Member of the Alabama Senate from the 35th district
- Incumbent
- Assumed office November 7, 2018
- Preceded by: Bill Hightower

Member of the Alabama House of Representatives from the 105th district
- In office May 24, 2011 – 2018
- Preceded by: Spencer Collier
- Succeeded by: Chip Brown

Personal details
- Born: Grand Bay, Alabama, U.S.
- Party: Republican
- Spouse: Lisa
- Profession: Farmer

= David Sessions =

American politician

David R. Sessions is a Republican Party member of the Alabama Senate from the 35th district. He was previously a member of the Alabama House of Representatives from House District 105, which encompasses the southern portion of Mobile County, Alabama.

Sessions was elected to office on May 10, 2011, in a special election held to fill the legislative seat left vacant by the appointment of Spencer Collier to the Alabama Department of Homeland Security.

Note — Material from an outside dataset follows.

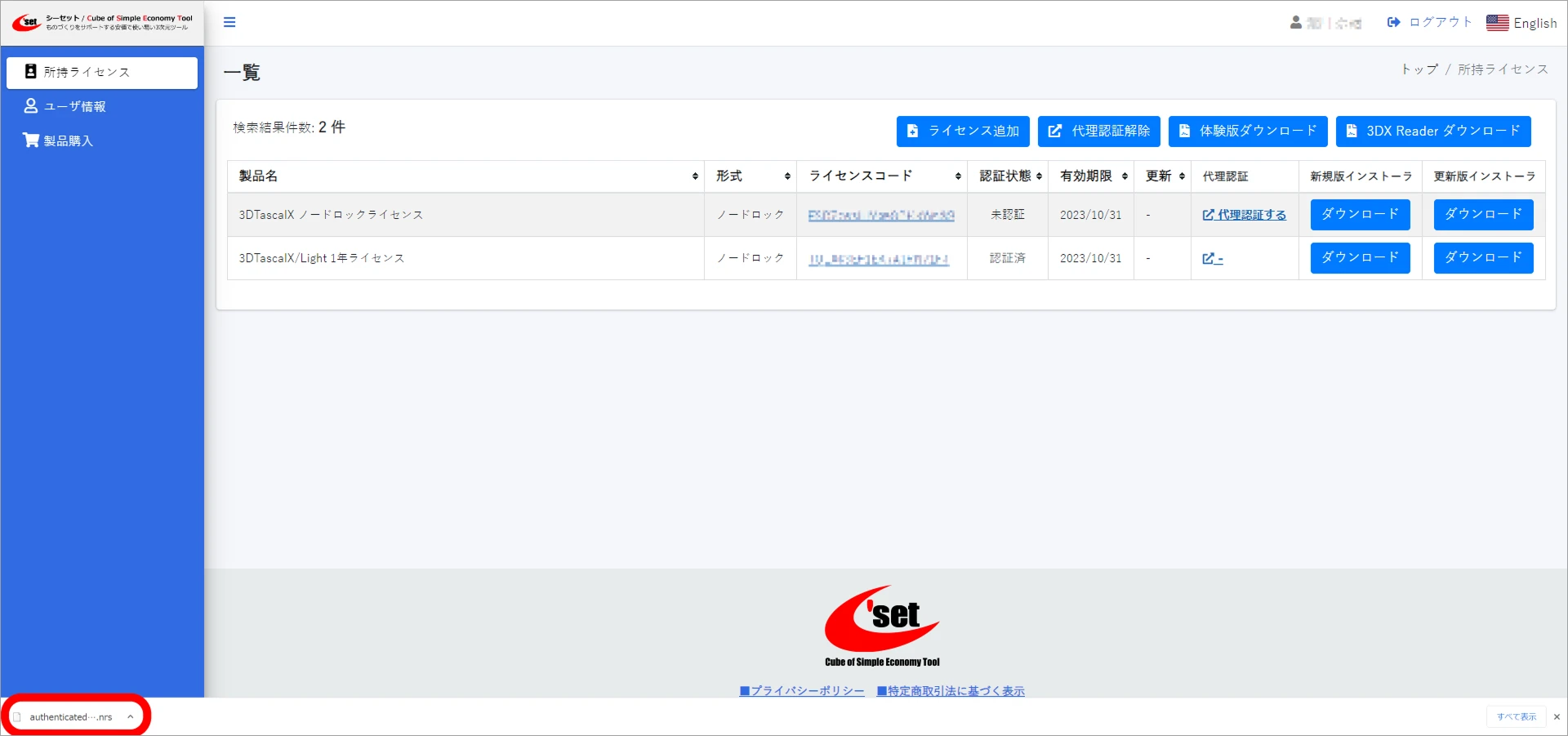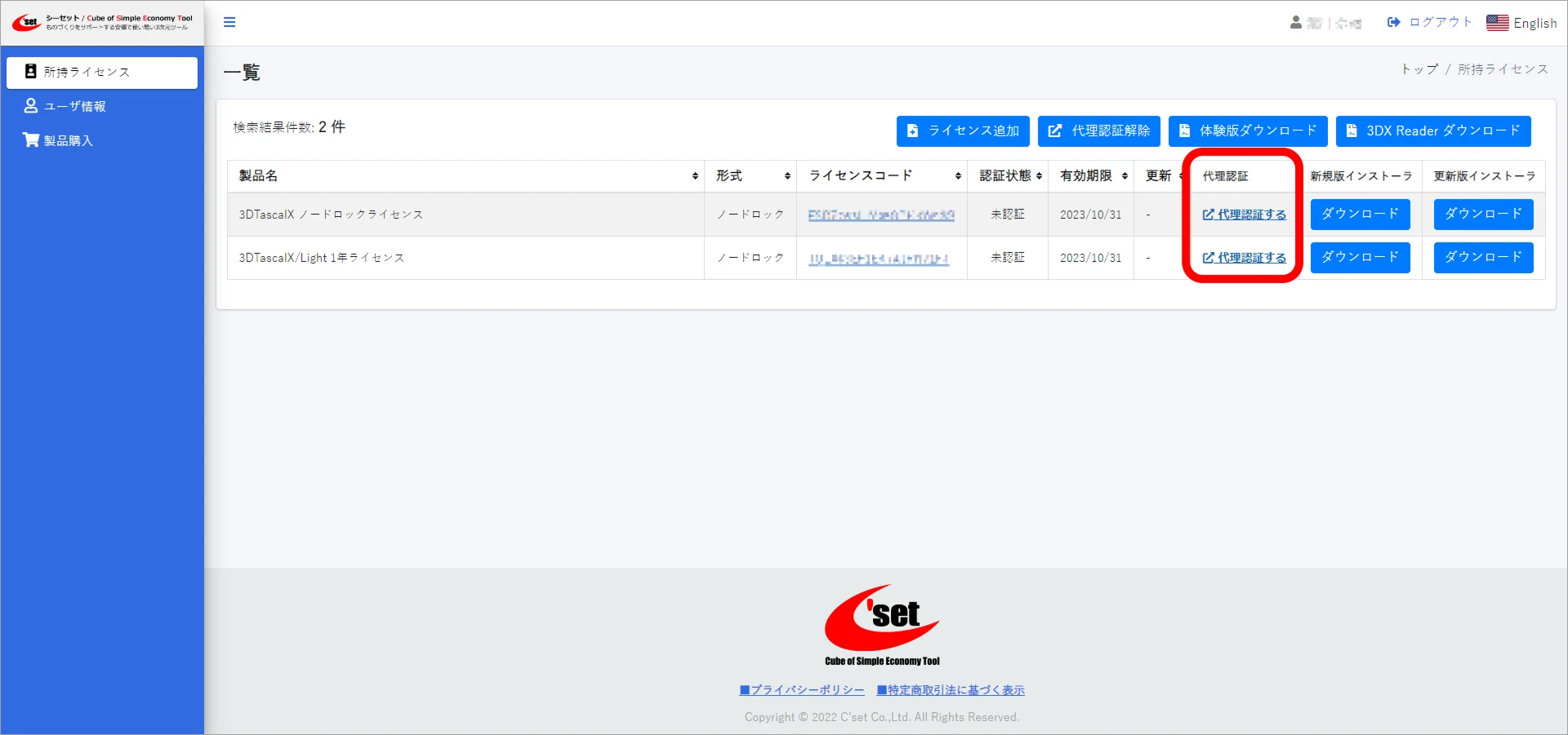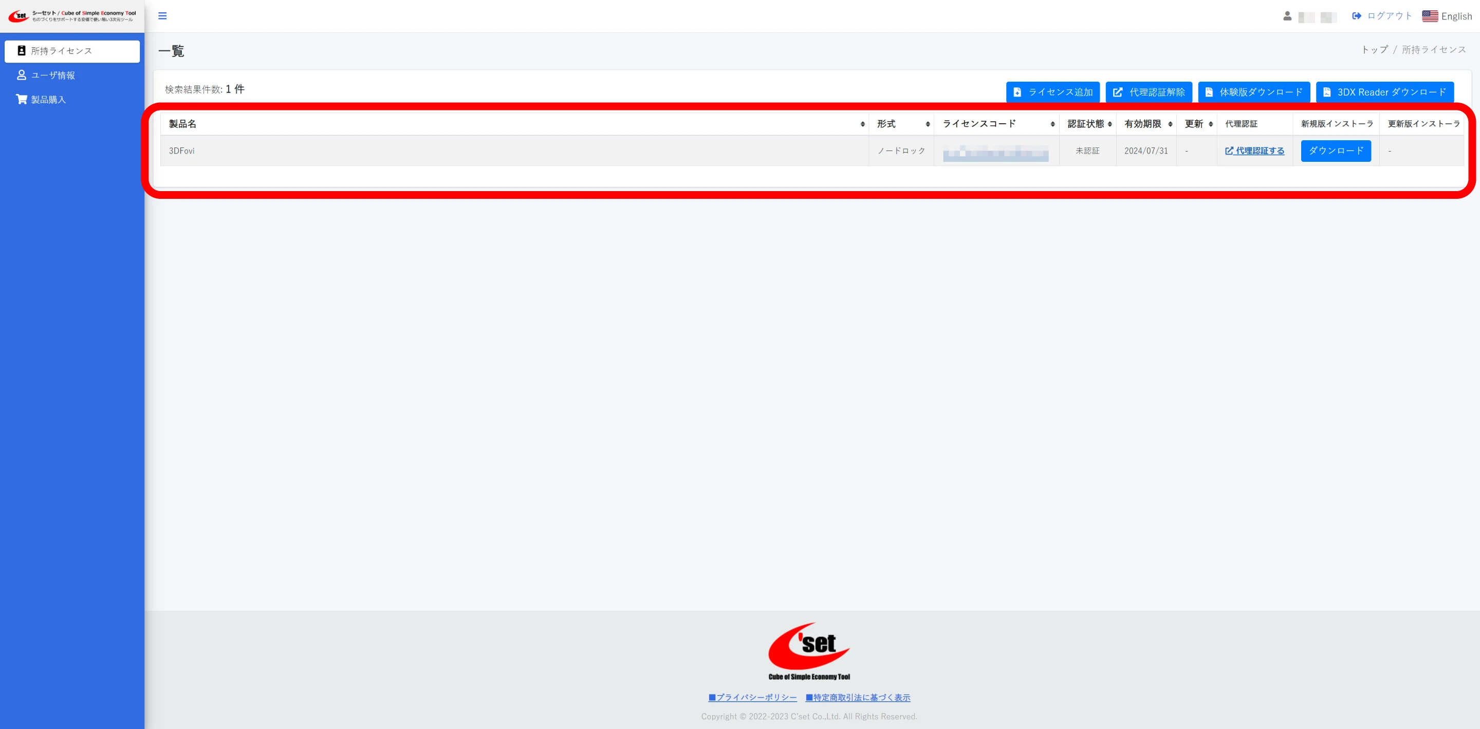 ライセンスコード認証に成功すると、ユーザページの所持ライセンスで認証状態が認証済に切り替わります。

In 2012, Sessions was appointed to the House Committee on Boards, Agencies, and Commissions, the Committee on Education Policy, and the Committee on County and Municipal Government.
For the 2014 legislative session he was named to the House Agriculture and Forestry Committee and in 2015 became chairman of the committee.

Sessions is a lifelong resident of Grand Bay, Alabama, where he operates a farming business with his brother. He is married to the former Lisa M. Driskell.